Population (2006-12-31)
- • Total: 1,417
- • Density: 170/km^{2} (430/sq mi)
- Time zone: UTC+01:00 (CET)
- • Summer (DST): UTC+02:00 (CEST)
- Postal codes: 06667
- Dialling codes: 03443
- Vehicle registration: BLK

= Uichteritz =

Uichteritz /de/ is a village and a former municipality in the Burgenlandkreis district, in Saxony-Anhalt, Germany. Since 1 January 2010, it is part of the town Weißenfels.

== Geography ==
Uichteritz is located between Goseck and Weißenfels north west of the Saale in the Saale valley, about 2.5 miles from Weißenfels.

Lobitzch also belonged to the old administrative district before it was annexed by Weißenfels.

=== Type of Settlement ===
Uichteritz has a settlement type known as Haufendorf. The village predominantly consists of one- and two-story houses which appear not to have been built in a particular planned way. Medium-sized courtyards, well-preserved half-timbered buildings as well as newly constructed one-and two-family houses dot the village.

== History ==

Uichteritz may have come into existence at the time of the Migration Period in the 6th or 7th Century. It was primarily Sorbs who settled in this region as evidenced by archeological finds, as well as placenames with the ending "-itz".
The first documented mention of the village (as Uchteritz) was in the register of a monastery in Weißenfels. ird (Original im Domstift zu Merseburg).

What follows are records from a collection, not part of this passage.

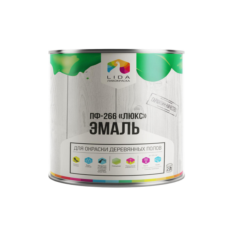 Эмаль LIDA ПФ-266 «Люкс» терракота — это глянцевая алкидная эмаль для создания долговечного и стильного покрытия на деревянных полах и поверхностях внутри помещений. Образует ровное, гладкое покрытие насыщенного терракотового цвета с отличной укрывистостью. Идеально подходит для окрашивания полов, плинтусов, лестниц и других элементов из древесины, ДВП и ДСП в жилых и бытовых комнатах.
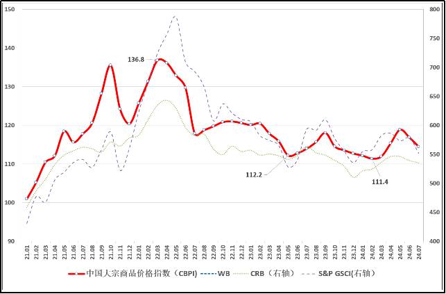 由中物聯(lián)大宗分會(huì)和上海鋼聯(lián)等單位聯(lián)合調(diào)查,中國(guó)物流與采購(gòu)聯(lián)合會(huì)發(fā)布的2024年7月份中國(guó)大宗商品價(jià)格指數(shù)(CBPI)為114.5點(diǎn),環(huán)比回落2%,同比上漲0.4%。從指數(shù)運(yùn)行情況來(lái)看,7月份CBPI雖受傳統(tǒng)生產(chǎn)淡季、極端天氣等季節(jié)性因素影響回落,但仍高于1-6月平均水平,表明隨宏觀組合政策實(shí)施力度不斷加大,大宗市場(chǎng)持續(xù)穩(wěn)定恢復(fù),總體保持?jǐn)U張態(tài)勢(shì)。從同比看,指數(shù)連續(xù)三個(gè)月實(shí)現(xiàn)正增長(zhǎng),也表明企業(yè)預(yù)期樂(lè)觀,經(jīng)營(yíng)狀況持續(xù)改善。下半年,隨穩(wěn)投資和促消費(fèi)相關(guān)政策繼續(xù)加快落地,大宗市場(chǎng)整體有望繼續(xù)平穩(wěn)向好。從國(guó)內(nèi)外大宗指數(shù)走勢(shì)來(lái)看,全球經(jīng)濟(jì)增長(zhǎng)仍面臨市場(chǎng)需求偏弱、地緣政治緊張,以及全球貿(mào)易格局重塑等下行壓力和不確定因素,鞏固增強(qiáng)我國(guó)大宗市場(chǎng)回升向好態(tài)勢(shì),仍需進(jìn)一步發(fā)揮市場(chǎng)機(jī)制作用,創(chuàng)造更加公平、更有活力的市場(chǎng)環(huán)境,充分激發(fā)經(jīng)濟(jì)增長(zhǎng)內(nèi)生動(dòng)力和創(chuàng)新活力。
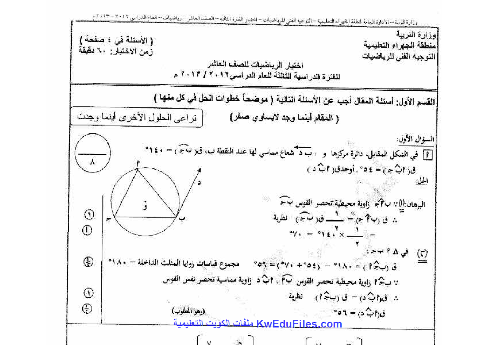 | أنت هنا: موقع المناهج ⇦ المناهج الكويتية ⇦ الصف العاشر ⇦ رياضيات ⇦ الفصل الثاني ⇦ الامتحان النهائي |
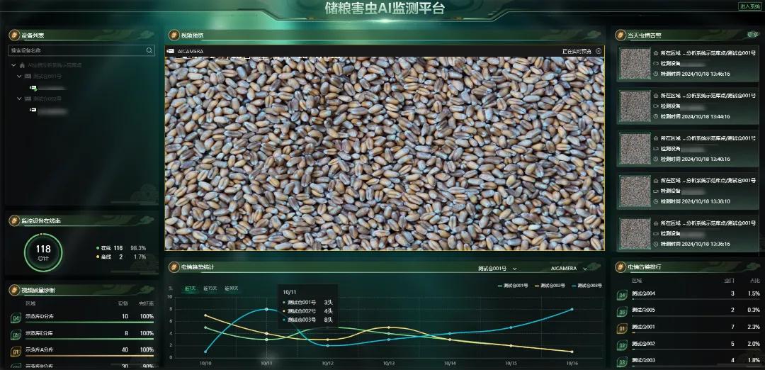 除能源、制造等行业外,在农业领域,海康威视与中储粮成都储藏院联合开发了AI虫情监测分析终端,通过AI识别算法实时反馈400万像素白光补光球机害虫数量,促进粮仓及时识别和预警害虫威胁,确保粮仓安全。
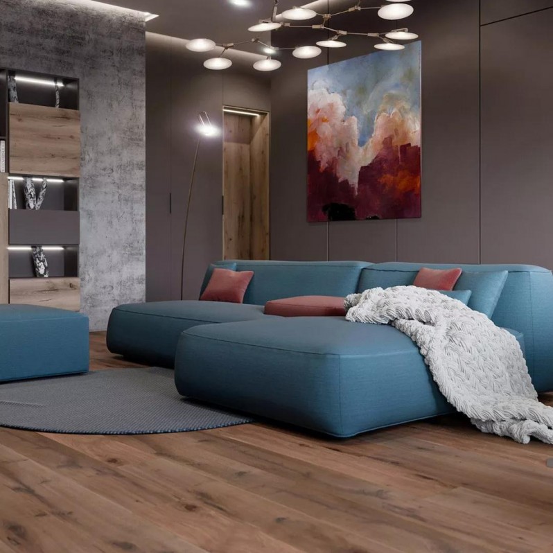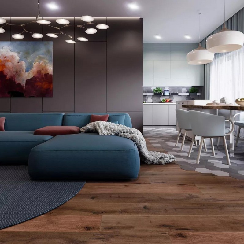 客厅使用了蓝色的大沙发,上面悬挂现代枝形吊灯,两者配合,营造出前卫和优雅的会客空间。
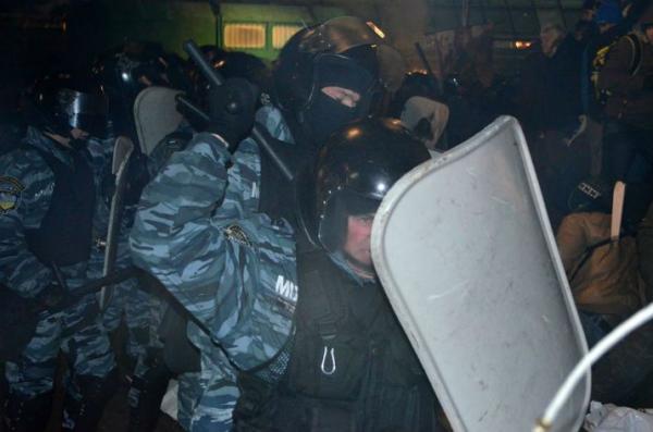 Як відомо, сьогодні вранці “Ягуар” оточив Майдан, “беркутівці” розпочали розгін після 4 ранку, коли тут було кілька сотень людей. “Беркут” бив людей кийками, повалював на землю, заламував руки, люди втікали і ховалися в подвір’ях будинків. Є багато поранених. Деяких активістів забрали до райвідділку.
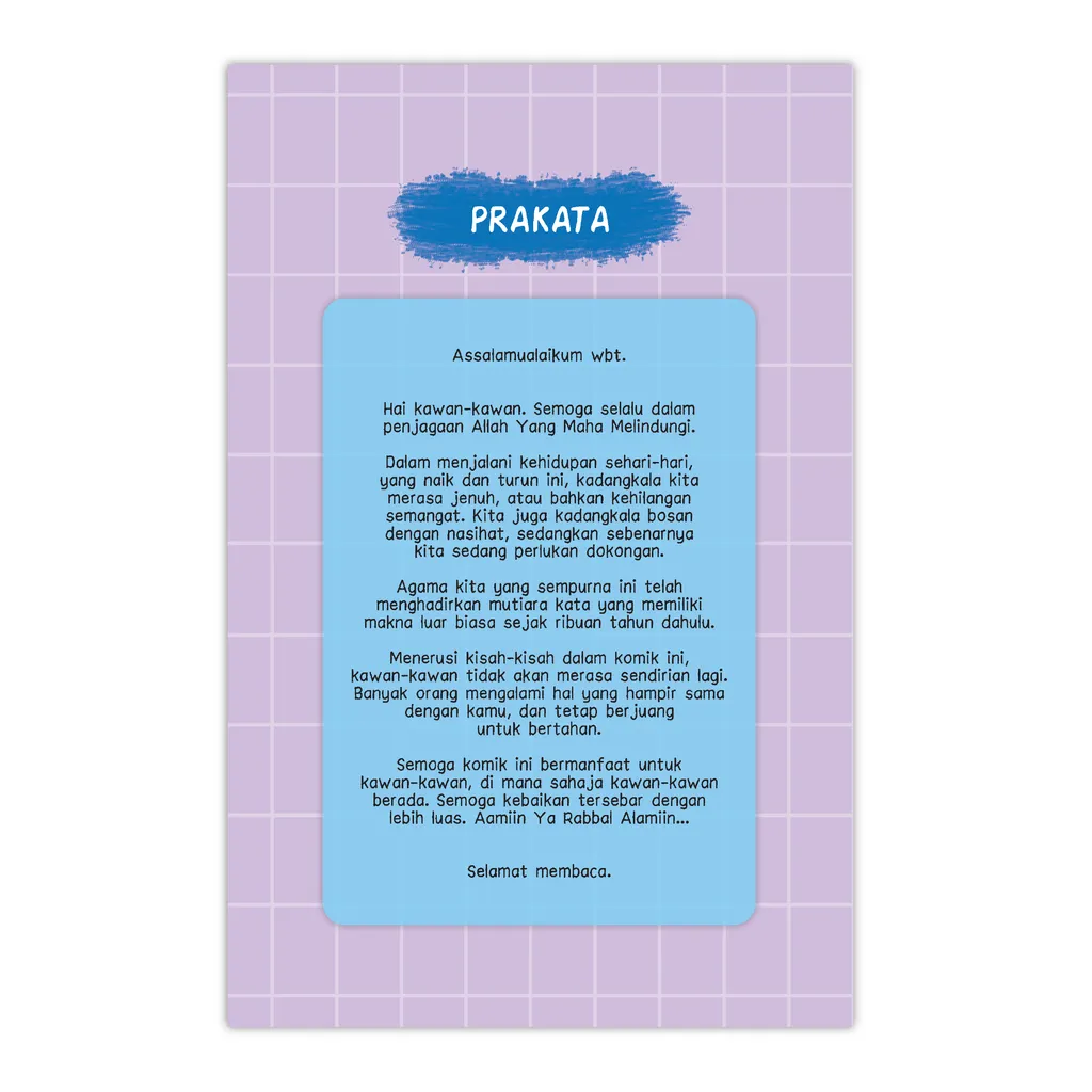 Agama kita yang sempurna ini telah menghadirkan Mutiara Kata yang memiliki makna luar biasa. Kata-kata yang indah tersebut mampu menginspirasi dan memberi semangat kepada banyak orang. Komik ini menjelaskan makna Mahfuzhat atau Mutiara Kata Islam dalam kehidupan seharian dengan pendekatan yang mudah dipahami dan relevan bagi pembaca segala usia. Melalui ilustrasi yang menarik dan narasi yang kuat, setiap halaman mengajak pembaca untuk merenungkan nilai-nilai spiritual dan praktis yang tertanam dalam setiap kata mutiara. Karya ini dirancang untuk menjadi panduan harian yang mengingatkan kita tentang kebijaksanaan Islam dan penerapannya dalam menghadapi tantangan kehidupan modern. Sempurna sebagai hadiah bermakna atau bacaan pribadi, komik ini membawa pesan universal tentang kebaikan, kesabaran, dan kepercayaan kepada Allah. Semoga komik ini bermanfaat untuk kawan-kawan, di mana sahaja kawan-kawan berada. Semoga kebaikan tersebar dengan lebih luas. Aamiin Ya Rabbal Alamiin.
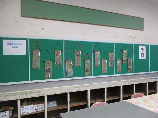 先日、放課後子ども教室で、造形活動がありました。地域の安全管理員さんに、材料を準備していただき、作り方を教えてもらって、おしゃれな「シーグラスを使ったかべかざり」ができました。麻の布に、いろいろな色のシーグラスを、好きな形や模様に貼り付けて仕上げていました。シーグラスは、地域の安全管理員さんが、港地区の海で見つけて集めた物です。多目的室に、展示しています。ぜひ、学校にお越しの際に、ご覧下さいね!
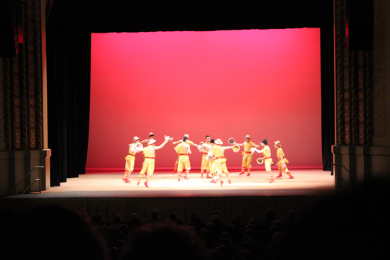“新上海马戏团”的20余名杂技演员自2012年11月来到美国进行巡回演出,此次在特洛伊大学的表演是阿拉巴马州的首场演出,他们为千余名观众奉献了一场揉合了杂技、舞蹈、变脸、音乐等多种艺术表现形式的精彩杂技大餐。演出一开始愉快的中国音乐就带动着全场的观众打起了节拍, 为演出营造了一个良好的氛围。顶灯登高及高空弧行踩凳表演时,观众们屏住呼吸,看到表演者完好无恙,全场掌声雷动。西方杂技我们常常可以看到小丑的身影,而中国杂技中的帽子杂耍则以其技巧性及幽默让人忍俊不禁,缓解了大家在看登高表演时的紧张感。整场演出高潮迭起、精彩纷呈,杂技演员们冷静、巧妙、准确的技巧和千锤百炼的硬功夫表演,使得掌声和惊叹声响彻座无虚席的剧院。演出结束后观众们仍旧激动不已,不由自主的全体起立并热烈鼓掌,不停地讨论着刚才的精彩片段。有的观众说:“这是我看过的最特别的杂技表演,手都拍红了。”有的说:“中国文化太深奥了,每一段表演都让人回味无穷。”

Around 1300 the area was ruled by the Margrave of Meißen. Around this time the church in Uichteritz was constructed, now the oldest building in the village. At the back of the church there are sandstone pillars in which there are long troughs, so-call sword chutes. These were used by knights to dedicate their swords before going into battle.

The Saale broke its banks in 1784 and flooded the village, collapsing 44 houses, sheds and stables.

On 1 January 2010 the previously independent villages of Uichteritz, Markwerben and Langendorf were annexed by Weißenfels.

== Notable people ==
- Erdmann Neumeister (1671−1756), Religious lyricist and theologist in Hamburg.

== Literature ==
- August Nebe: Uichtritz, Zur Geschichte eines Dörfleins in der Zeit des dreißigjährigen Krieges, in: Neue Mitteilungen aus dem Gebiete historisch-antiquarischer Forschungen, 1874, S. 314ff (Uichteritz, the history of a small village during the thirty-year war)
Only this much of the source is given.